HOW TO COMPLETE THIS TASK
Write the entries out again exactly; any picture among them gets left out.

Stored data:
□ □ □ □ □
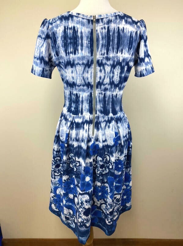 This dress is absolutely stunning! The blue and white tie-dye with floral dipped hem gives it a unique, boho-chic look. It fits comfortably in a large, and the lightweight fabric makes it perfect for summer. The condition is great—no flaws, just soft and ready to wear. Super flattering and versatile, whether dressed up or down. Love it!
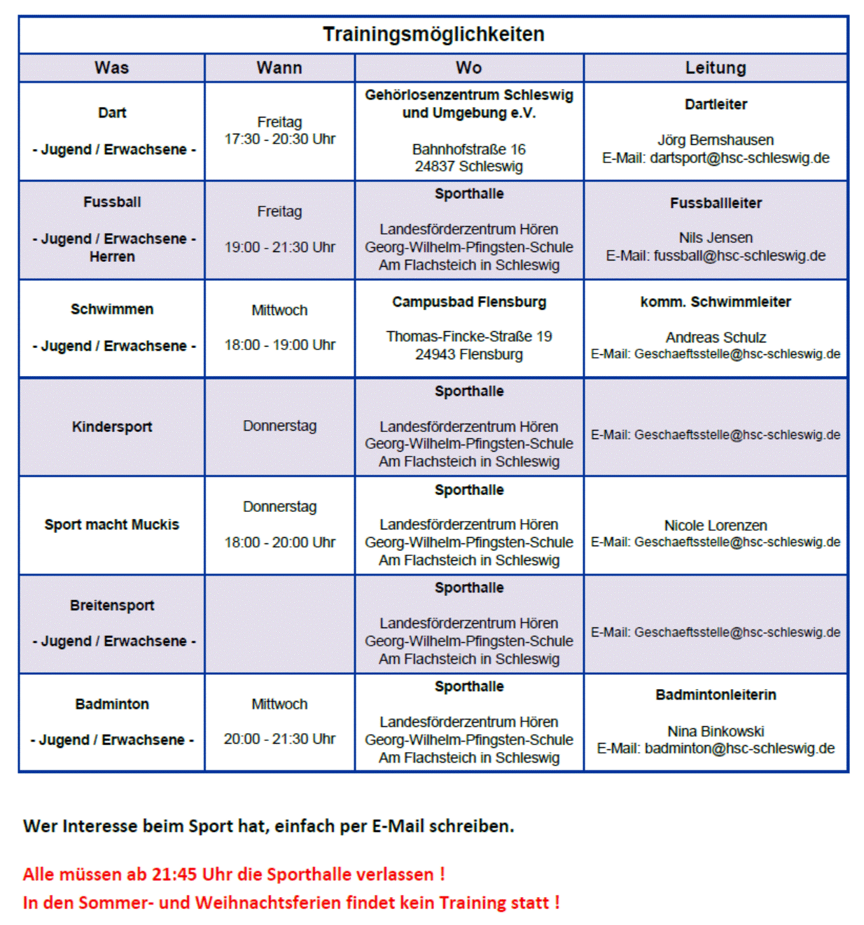 Die Seite mit den Trainigsmöglichkeiten beim HSC wurden aktualisiert.
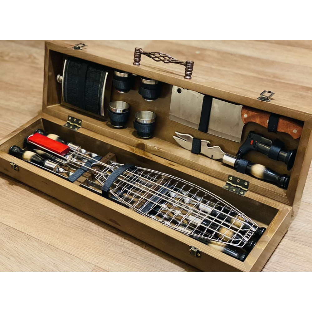 Такий набір шампурів створить WOW-ефект ще до його відкриття. Тільки побачивши дерев'яний кейс, майбутній володар набору отримає безмежний вибух захоплення і незабутніх емоцій.
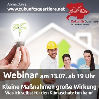 „Kleine Maßnahmen mit großer Wirkung - Was ich selbst für den Klimaschutz tun kann“, so lautet der Titel des Webinars, das am Donnerstag, 13. Juli von 19 bis 20 Uhr, für Sie vom Energieexperten Torben Schmitt angeboten wird. Dieses Mal gibt es gute Tipps, die im Alltag dabei helfen, Energie einzusparen, Verbrauch und Kosten zu senken. Anmeldung zur kostenlosen Teilnahme unter: www.zukunftsquartiere.net/veranstaltungen
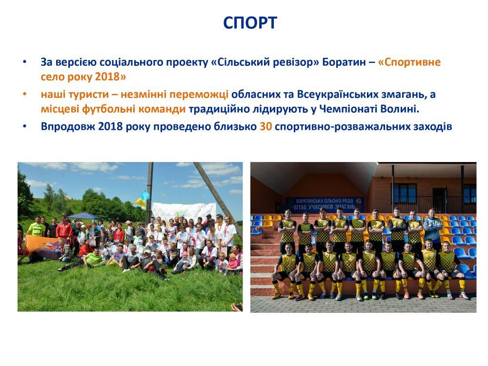 Відбулося чергове засідання сесії Боратинської сільської ради, на якому сільський голова Сергій Яручик прозвітував про роботу у 2018 році. У своєму виступі Сергій Олександрович розповів про результати роботи у всіх сферах соціально-економічного розвитку таких як освіта, соціальна сфера, медицина, комунальна сфера та розвиток інфраструктури, культура, спорт, промоція. Також сільський голова акцентував увагу на тенденціях економічного розвитку громади, проінформував щодо стану виконання сільського бюджету та зупинився на інших, не менш важливих, питаннях життєдіяльності громади. Не залишилися без уваги плани та стратегічні цілі на 2019 рік, про які також йшлося у звіті.
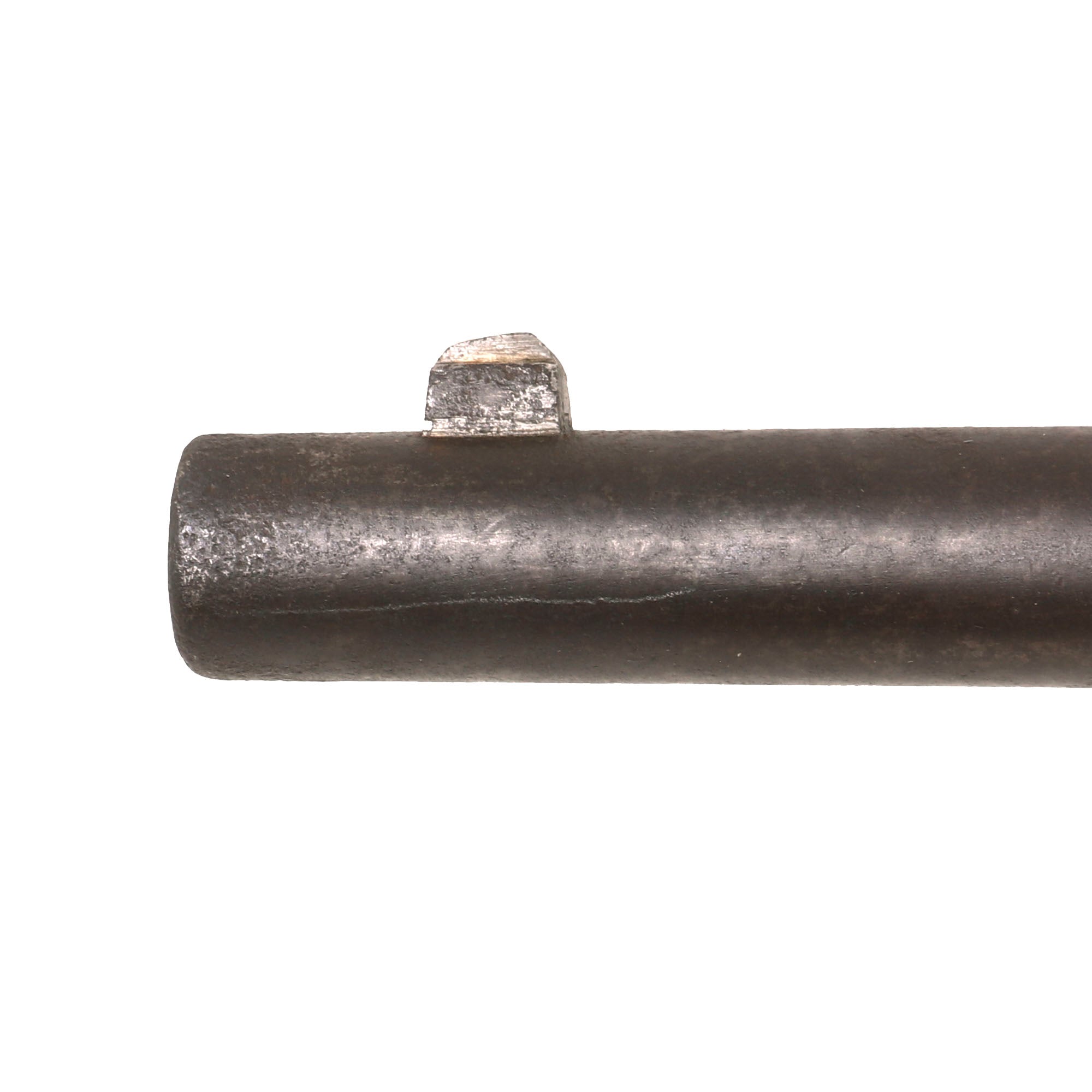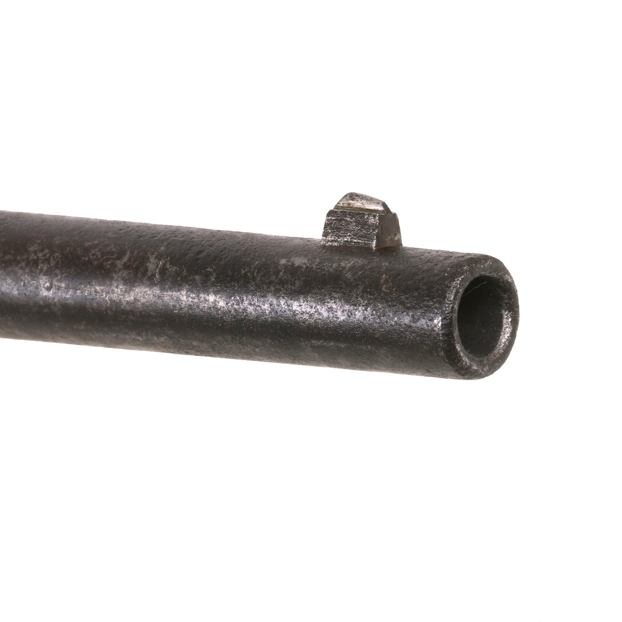 The bore is in very good condition, showing showing a bright finish with strong lands and grooves. There is some wear to the lands, and we can see that there was very light oxidation and fouling in the past, later cleaned away. It looks to have only seen light use during its long service life. The breech block moves correctly, and the extractor is still present and functional, though we have not tested it with real brass. The saddle ring bar is still present, with the correct saddle ring present. It has the door for a storage compartment on the butt plate, however the butt stock was never drilled out for one.
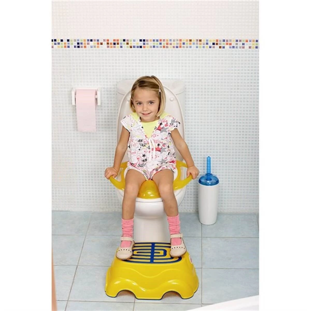 Konforlu yumuşak pedli klozet küçültücü. Yanlarda bulunan tutma sapları sayesinde minik parmakların kirli tuvalet ile temas etmesine artık gerek yok!
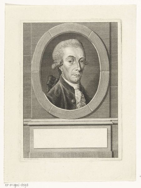 Jacob Ernst Marcus created this portrait of Gerrit Hesselink with etching, a process that allows for the precise and repeatable transfer of images, a democratizing force in disseminating likeness. Consider the oval frame. A motif dating back to antiquity, it reappears throughout history, from Roman cameos to Renaissance portraiture. The oval shape, suggesting an egg or seed, evokes ideas of potential and containment. It represents the sitter in a moment, carefully curated and preserved. The gaze of the sitter is an active appeal. It elicits from us an immediate response, a connection that transcends time. This echoes the ancient Roman tradition of portraiture, where the 'imago' or mask of the deceased was meant to keep the memory alive, to make the dead present among the living. Thus, the image becomes more than a mere depiction, but a vessel of memory that, across time, invites us into a dialogue with the past.
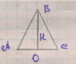 Из геометрии равностороннего треугольника: \(r=\frac{a}{\sqrt{3}}\), где \(a\) — его сторона. Здесь \(a=\sqrt{4R^{2}+H^{2}}\), значит \(r=\frac{\sqrt{4R^{2}+H^{2}}}{\sqrt{3}}\).
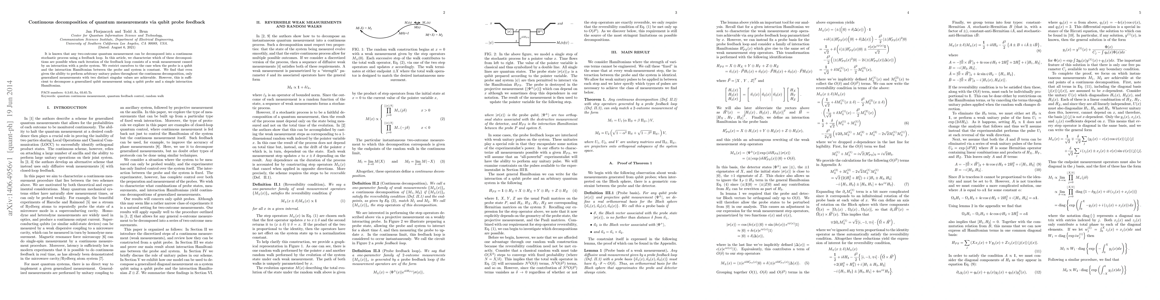 This paper explores the continuous decomposition of quantum measurements via a qubit probe in a feedback loop, revealing that only generalized measurements with two distinct singular values are achievable despite the flexibility of unitary pulses. It demonstrates the feasibility of decomposing generalized qubit measurements using such a probe and a constant interaction Hamiltonian.
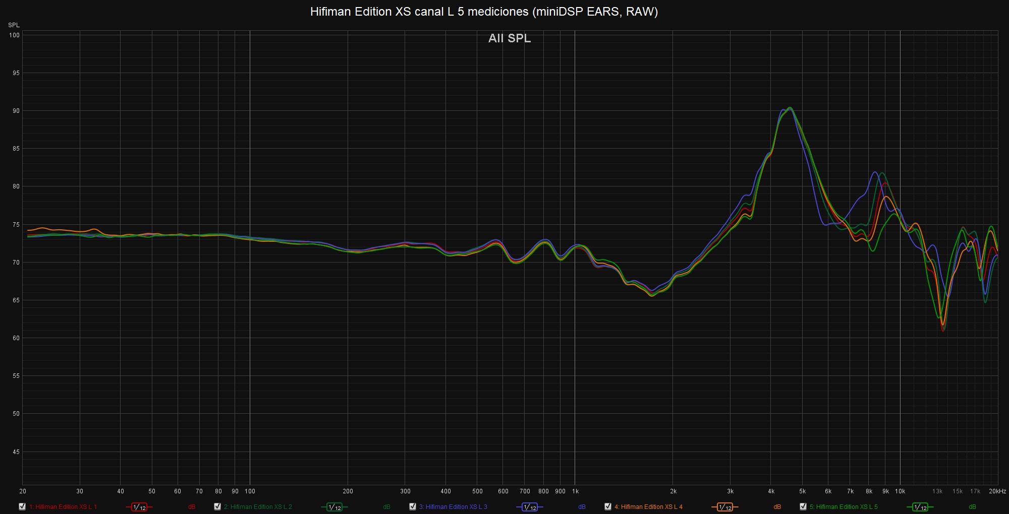 Las siguientes mediciones están realizadas con el miniDSP EARS y el Room EQ Wizard sin aplicar ninguna curva de compensación, no deben ser tomadas como medidas absolutas y han de valorarse con precaución.
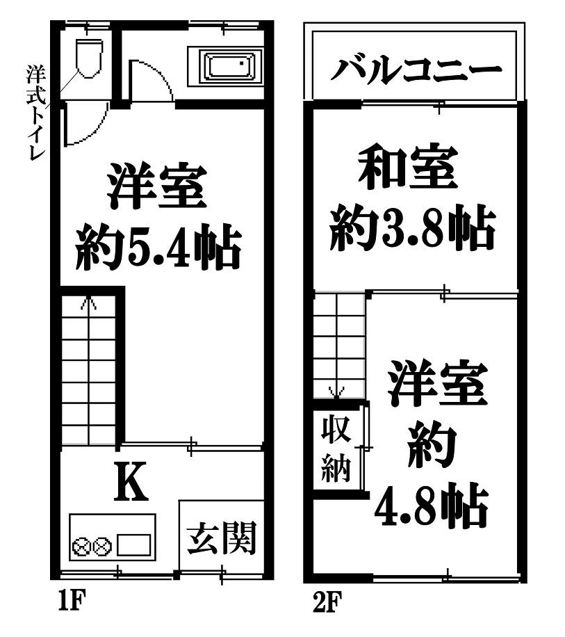 | 間取り | 3K (洋室 5.4帖 洋室 約4.8帖 和室 約3.8帖 ) | ||
□ □ □ □ □
ANSWER SECTION
 This dress is absolutely stunning! The blue and white tie-dye with floral dipped hem gives it a unique, boho-chic look. It fits comfortably in a large, and the lightweight fabric makes it perfect for summer. The condition is great—no flaws, just soft and ready to wear. Super flattering and versatile, whether dressed up or down. Love it!
 Die Seite mit den Trainigsmöglichkeiten beim HSC wurden aktualisiert.
 Такий набір шампурів створить WOW-ефект ще до його відкриття. Тільки побачивши дерев'яний кейс, майбутній володар набору отримає безмежний вибух захоплення і незабутніх емоцій.
 „Kleine Maßnahmen mit großer Wirkung - Was ich selbst für den Klimaschutz tun kann“, so lautet der Titel des Webinars, das am Donnerstag, 13. Juli von 19 bis 20 Uhr, für Sie vom Energieexperten Torben Schmitt angeboten wird. Dieses Mal gibt es gute Tipps, die im Alltag dabei helfen, Energie einzusparen, Verbrauch und Kosten zu senken. Anmeldung zur kostenlosen Teilnahme unter: www.zukunftsquartiere.net/veranstaltungen
 Відбулося чергове засідання сесії Боратинської сільської ради, на якому сільський голова Сергій Яручик прозвітував про роботу у 2018 році. У своєму виступі Сергій Олександрович розповів про результати роботи у всіх сферах соціально-економічного розвитку таких як освіта, соціальна сфера, медицина, комунальна сфера та розвиток інфраструктури, культура, спорт, промоція. Також сільський голова акцентував увагу на тенденціях економічного розвитку громади, проінформував щодо стану виконання сільського бюджету та зупинився на інших, не менш важливих, питаннях життєдіяльності громади. Не залишилися без уваги плани та стратегічні цілі на 2019 рік, про які також йшлося у звіті.
 The bore is in very good condition, showing showing a bright finish with strong lands and grooves. There is some wear to the lands, and we can see that there was very light oxidation and fouling in the past, later cleaned away. It looks to have only seen light use during its long service life. The breech block moves correctly, and the extractor is still present and functional, though we have not tested it with real brass. The saddle ring bar is still present, with the correct saddle ring present. It has the door for a storage compartment on the butt plate, however the butt stock was never drilled out for one.
 Konforlu yumuşak pedli klozet küçültücü. Yanlarda bulunan tutma sapları sayesinde minik parmakların kirli tuvalet ile temas etmesine artık gerek yok!
 Jacob Ernst Marcus created this portrait of Gerrit Hesselink with etching, a process that allows for the precise and repeatable transfer of images, a democratizing force in disseminating likeness. Consider the oval frame. A motif dating back to antiquity, it reappears throughout history, from Roman cameos to Renaissance portraiture. The oval shape, suggesting an egg or seed, evokes ideas of potential and containment. It represents the sitter in a moment, carefully curated and preserved. The gaze of the sitter is an active appeal. It elicits from us an immediate response, a connection that transcends time. This echoes the ancient Roman tradition of portraiture, where the 'imago' or mask of the deceased was meant to keep the memory alive, to make the dead present among the living. Thus, the image becomes more than a mere depiction, but a vessel of memory that, across time, invites us into a dialogue with the past.
 Из геометрии равностороннего треугольника: \(r=\frac{a}{\sqrt{3}}\), где \(a\) — его сторона. Здесь \(a=\sqrt{4R^{2}+H^{2}}\), значит \(r=\frac{\sqrt{4R^{2}+H^{2}}}{\sqrt{3}}\).
 This paper explores the continuous decomposition of quantum measurements via a qubit probe in a feedback loop, revealing that only generalized measurements with two distinct singular values are achievable despite the flexibility of unitary pulses. It demonstrates the feasibility of decomposing generalized qubit measurements using such a probe and a constant interaction Hamiltonian.
 Las siguientes mediciones están realizadas con el miniDSP EARS y el Room EQ Wizard sin aplicar ninguna curva de compensación, no deben ser tomadas como medidas absolutas y han de valorarse con precaución.
 | 間取り | 3K (洋室 5.4帖 洋室 約4.8帖 和室 約3.8帖 ) | ||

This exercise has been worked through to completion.